Negative moment connection between the integral abutment and the superstructure

The rigid connection between the superstructure and the integral abutment results in the development of negative moments at this location. Some early integral abutments showed signs of deck cracking parallel to the integral abutments in the end section of the deck due to the lack of proper reinforcement to resist this moment. This cracking was prevented by specifying additional reinforcement connecting the deck to the back (fill) face of the abutment. This reinforcement may be designed to resist the maximum moment that may be transferred from the integral abutment to the superstructure. This moment is taken equal to the sum of the plastic moments of the integral abutment piles. The section depth used to design these bars may be taken equal to the girder depth plus the deck thickness. The length of the bars extending into the deck is typically specified by the bridge owner. This length is based on the length required for the superstructure dead load positive moment to overcome the connection negative moment.

Wingwalls

Typically, U-wingwalls (wingwalls parallel to the longitudinal axis of the bridge) are used in conjunction with integral abutments. A chamfer (typically 1 ft.) is used between the abutment and the wingwalls to minimize concrete shrinkage cracking caused by the abrupt change in thickness at the connection.

Approach slab

Bridges with integral abutments were constructed in the past with and without approach slabs. Typically, bridges without approach slabs are located on secondary roads that have asphalt pavements. Traffic and seasonal movements of the integral abutments cause the fill behind the abutment to shift and to self compact. This often caused settlement of the pavement directly adjacent to the abutment.

Providing a reinforced concrete approach slab tied to the bridge deck moves the expansion joint away from the end of the bridge. In addition, the approach slab bridges cover the area where the fill behind the abutment settles due to traffic compaction and movements of the abutment. It also prevents undermining of the abutments due to drainage at the bridge ends. Typically, approach slabs are cast on polyethylene sheets to minimize the friction under the approach slab when the abutment moves.

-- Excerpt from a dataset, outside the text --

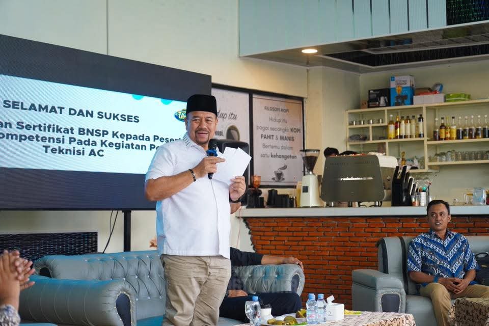 Batu Bara – Ferari.co | Bupati Batu Bara H. Baharuddin Siagian, S.H., M.Si.menyerahkan sertifikat kompetensi dari Badan Nasional Sertifikasi Profesi (BNSP) kepada peserta yang lulus uji kompetensi pada pelatihan Teknisi AC Residential. Penyerahan sertifikat berlangsung di Aula Cafe Ulung Coffee & Lounge, Jalinsum Sipare-Pare, Kecamatan Air Putih, Jumat (6/2/2026).

The approach slab typically rests on the abutment at one end and on a sleeper slab at the other. The approach slab differs from typical roadway pavement since the soil under the approach slab is more likely to settle unevenly resulting in the approach slab bridging a longer length than expected for roadway pavement. Typically, the soil support under the approach slab is ignored in the design and the approach slab is designed as a one-way slab bridging the length between the integral abutment and the sleeper slab. The required length of the approach slab depends on the total depth of the integral abutment. The sleeper slab should be placed outside the area where the soil is expected to be affected by the movement of the integral abutment. This distance is a function of the type of fill and the degree of compaction.

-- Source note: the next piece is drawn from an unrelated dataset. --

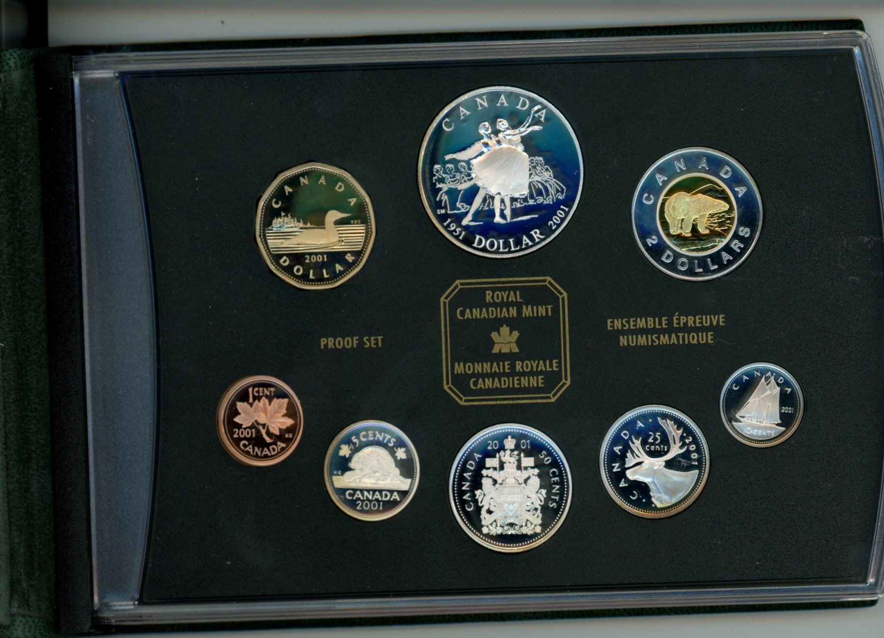 2001 RCM PROOF SET ? NATIONAL BALLET DOLLAR (24 KT GOLD TOONIE INNER CORE)

Due to the difference in stiffness between the superstructure and the approach slab, the interface between the integral abutment and the approach slab should preferably allow the approach slab to rotate freely at the end connected to the abutment. The reinforcement bars connecting the abutment to the approach slab should be placed such that the rotational restraint provided by these bars is minimized.

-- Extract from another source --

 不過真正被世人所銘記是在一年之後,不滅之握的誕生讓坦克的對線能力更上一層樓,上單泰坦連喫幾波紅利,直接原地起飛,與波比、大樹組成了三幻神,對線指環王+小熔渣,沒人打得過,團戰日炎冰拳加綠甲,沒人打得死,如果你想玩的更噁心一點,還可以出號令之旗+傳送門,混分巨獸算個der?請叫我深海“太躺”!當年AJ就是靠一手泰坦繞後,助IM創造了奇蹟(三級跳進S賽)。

A contraction joint is placed at the interface between the approach slab and the integral abutment. The contraction joint at this location provides a controlled crack location rather than allowing a random crack pattern to develop.

Expansion joints

Typically, no expansion joints are provided at the interface between the approach slab and the roadway pavement when the bridge total length is relatively small and the roadway uses flexible pavement. For other cases, an expansion joint is typically used.

Bearing pads

Plain elastomeric bearing pads are placed under all girders when the integral abutment is constructed using the two-stage sequence described above. The bearing pads are intended to act as leveling pads and typically vary from ½ to ¾ in. thick. The pad length parallel to the girder's longitudinal axis varies depending on the bridge owner's specifications and the pad length in the perpendicular direction varies depending on the width of the girder bottom flange and the owner's specifications. It is recommended to block the area under the girders that is not in contact with the bearing pads using backer rods. Blocking this area is intended to prevent honeycombing of the surrounding concrete. Honeycombing will take place when the cement paste enters the gap between the bottom of girder and the top of the pile cap in the area under the girders not in contact with the bearing pads.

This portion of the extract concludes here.